HINGHAM INSTITUTION FOR SAVINGS
Non-GAAP Reconciliation

The table below presents the reconciliation between net income and core net income, a non-GAAP measurement that represents net income excluding the after-tax gain (loss) on equity securities, net, and after-tax gain on disposal of fixed assets.
          

  Three Months Ended   Twelve Months Ended 
  December 31,   December 31, 
(In thousands, unaudited) 2022   2023   2022   2023 
                
Non-GAAP reconciliation:               
Net income$11,965  $6,315  $37,519  $26,371 
(Gain) loss on equity securities, net (2,979)  (5,723)  21,777   (15,147)
Income tax expense (benefit) (1) 727   1,262   (4,727)  3,347 
Gain on disposal of fixed assets          (44)
Income tax expense          12 
Core net income$9,713  $1,854  $54,569  $14,539 


(1) The equity securities are mostly held in a tax-advantaged subsidiary corporation.

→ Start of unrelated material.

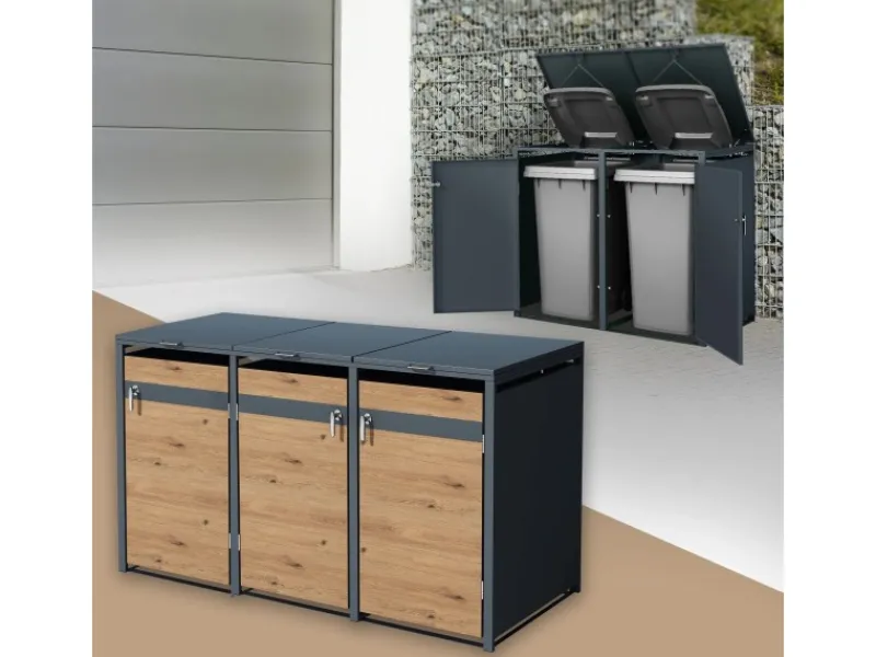 Mülltonnen im Eingangsbereich machen oftmals keine schöne Figur. Mit den praktischen Mülltonnenboxen hast du eine smarte und komfortable Lösung, die unschönen Mülltonnen verschwinden zu lassen. Die Mülltonnenboxen sorgen für Ordnung und bieten zusätzlich noch Schutz vor Fremdeinflüssen. Es passen alle gängigen Mülltonnen von 60 Liter, 120 Liter oder 240 Liter.

The income tax effect of the gain (loss) on equity securities, net, was calculated using the applicable effective tax rates. 


The table below presents the calculation of the efficiency ratio, a non-U.S. GAAP performance measure the management uses to assess operational efficiency which represents total operating expenses, divided by the sum of net interest income and total other income (loss), excluding gain (loss) on equity securities, net, and the after-tax gain on disposal of fixed assets.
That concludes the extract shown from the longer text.